If this is the way that most folks put their spirituality into words, who am I to disabuse them? It takes little or no effort for me to convert such metaphoric terms to simple signs pointing, for me, to the reality they signify, as I understand it. Anyway, I sort of enjoy the sweet quaintness of these artifacts of folk religion.
When I am in the company of cognoscenti who insist on political correctness achieved through use of inclusive language for talking about God, I usually go along with their shortcomings of tolerance, and avoid pronouncing any God names or pronouns smacking of patriarchy, racism, or androcentrism. Even though the Bible is, in fact, shot through with all of those unwelcome characters, there are always ways the text can be revised to clean it up.
The most important thing to remember about God and your relationship with God is that God is love; you are a beloved child of God, created by God in God’s own image. Metaphorically speaking, of course. God’s love – a metaphoric construction signifying an ineffable reality – is not the same as human persons’ love, though it is fair to say that our love for each other and God is inspired by and responds to God’s love for us.
The nature and meaning of the relationship between God and human persons really is unending, unconditional love and acceptance. Though it is a metaphor, it is an accessible one. You are a beloved child of God in whom God delights. You are accepted in the kingdom of God. No matter who you are, what you have done, or intended, or said, or thought, or believed.
That is the good news of God. Your part of the relationship is very simple: Accept your acceptance. The way Jesus put it was this:
“The time is fulfilled, and the kingdom of God is at hand; repent, and believe in the good news.”
What this meant was that God’s time is always fulfilled; the power, love, and acceptance of God is always immediately available – here and now, for you; take your gnarly turned-inward spirit-mind and turn it inside out, toward God and other people; and believe that in this way, you will be redeemed from sin.

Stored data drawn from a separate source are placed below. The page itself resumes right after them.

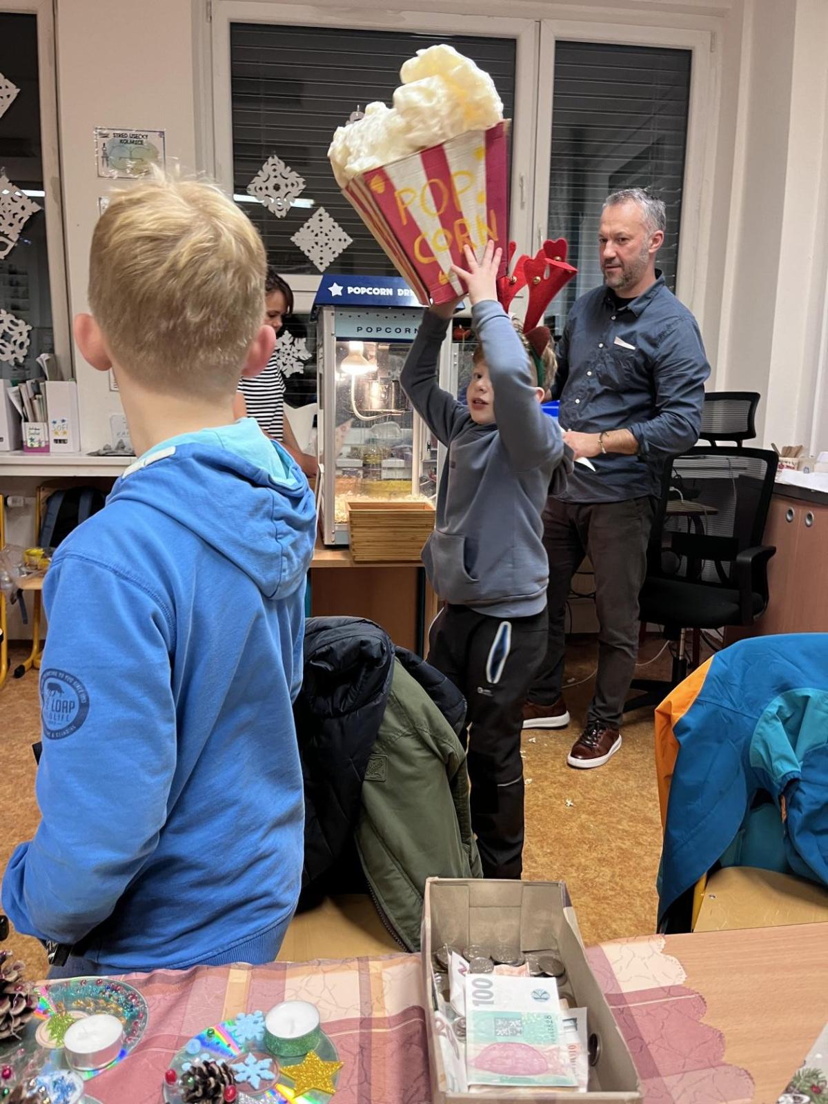 Po úvodním zpěvu se návštěvníci mohli vydat do připravených stánků jednotlivých tříd. Žáci zde nabízeli své ručně vyráběné dekorace, drobné dárky i různé dobroty – například wafle, popcorn či hranolky. Zájem byl opravdu velký a školní chodby se zaplnily do posledního místa.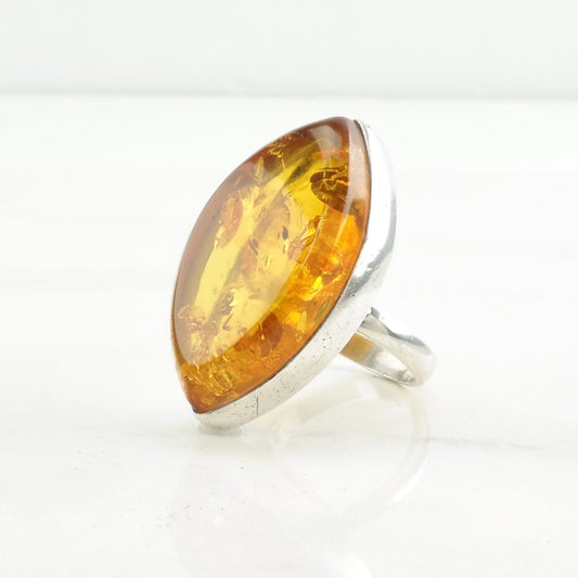 Vintage European Silver Ring Amber Large Sterling Orange Size 9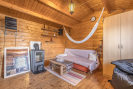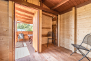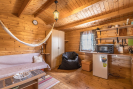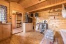 Dřevěná chata s kamenným základem je částečně podsklepená, skládá se z jedné obytné místnosti, uzavřené verandy a venkovní zastřešené verandy s posezením, která byla přistavěna v r. 2024. Nabízí celkovou užitnou plochu cca 30 m2.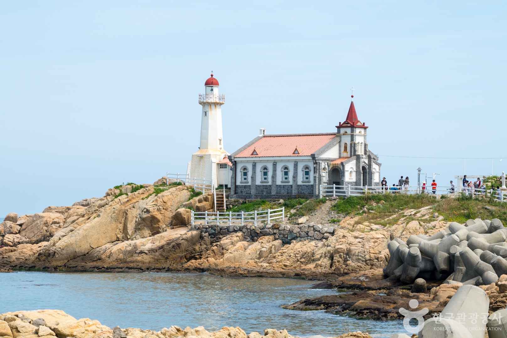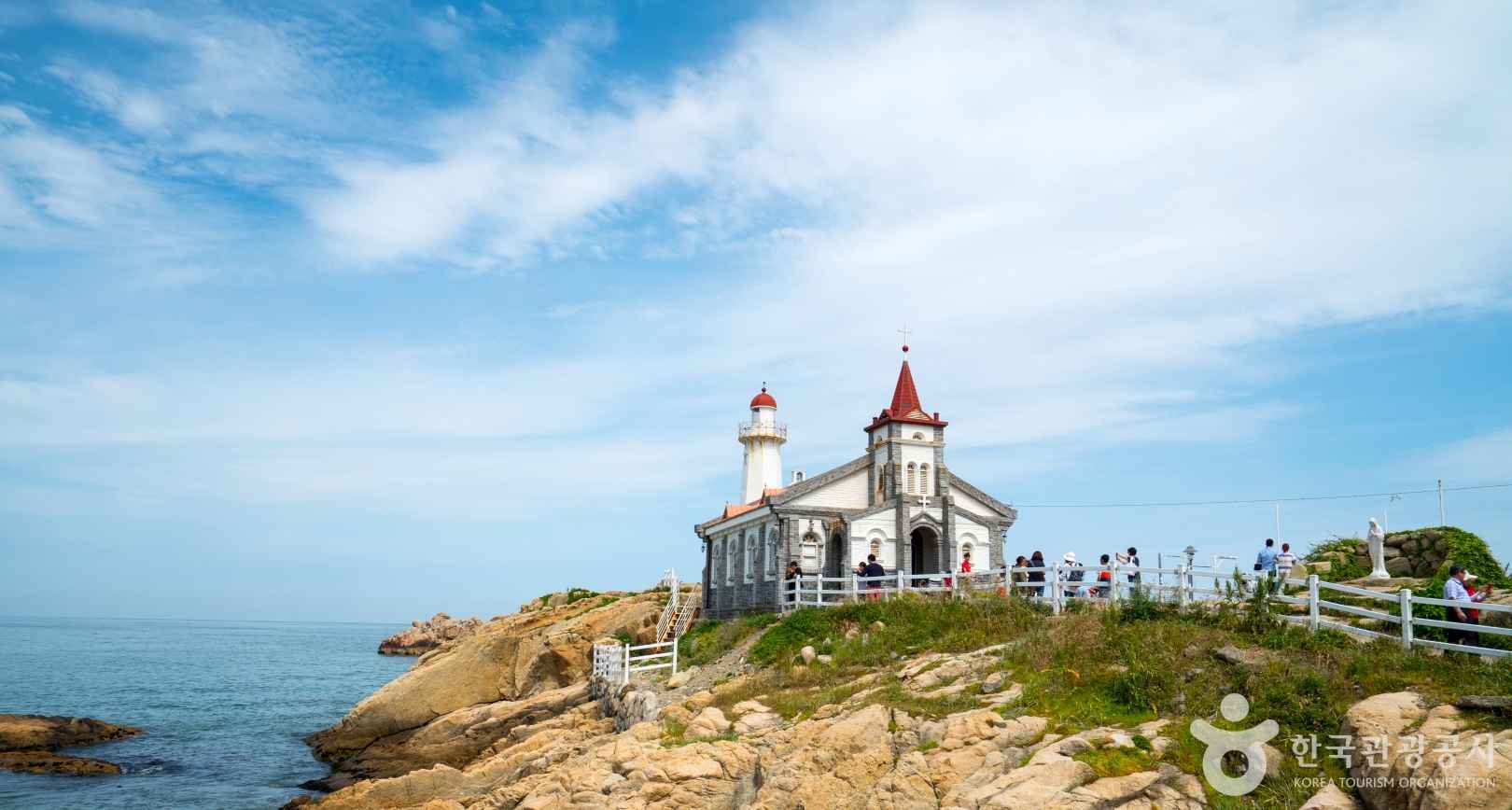 중세 유럽 분위기를 풍기는 붉은 지붕의 하얀 성당이 바닷가에 자리잡고 있어 마치 외국 여행지에 온 듯한 기분을 느낄 수 있어요. 성당 내부는 갤러리로 운영되기도 하며, 전시 일정에 따라 새로운 볼거리도 경험할 수 있어요.

When you have made that spiritual conversion, that repentance, that metanoia, you will be able to live in the way recommended by Jesus and stated in the Torah centuries earlier:
“You shall love the LORD your God with all your heart, and all your mind, and all your spirit; and you shall love your neighbors as you love yourself.”
And the prophet Micah, also long before Jesus’ time, summed up the Torah this way:
“What does the LORD your God require of you, but to do justly, love mercy, and walk humbly with your God?”
So there you have it. It’s not rocket science, is it? All you have to do to get right with God is to love with all your heart, all your soul, and your entire mind. Love God, as you are beloved of God. Love your neighbors as yourself. Love your enemies. (That pretty much covers everyone.)
Do justly. (That means avoid doing harm, and do good whenever possible.) Love mercy. (That implies loving kindness, care for the sick and suffering, nonviolence in action and intention.) Walk humbly with God. (God is always with you; stay in right relationship with God.)
Of course, there is no guarantee you won’t get into trouble in the world, especially if you go around doing evil – but then you might get away with it after all, particularly if you’re very powerful. In the end, of course, you will die and be not, just as all creatures do.
Remember that you are just one finite, temporal human soul in exquisitely interconnected interdependence with all other people, and all life on Earth. Take from the abundance of the world only what you need to live simply, that others may simply live. (If you wind up with a little more than you need, don’t worry – you can give some away!)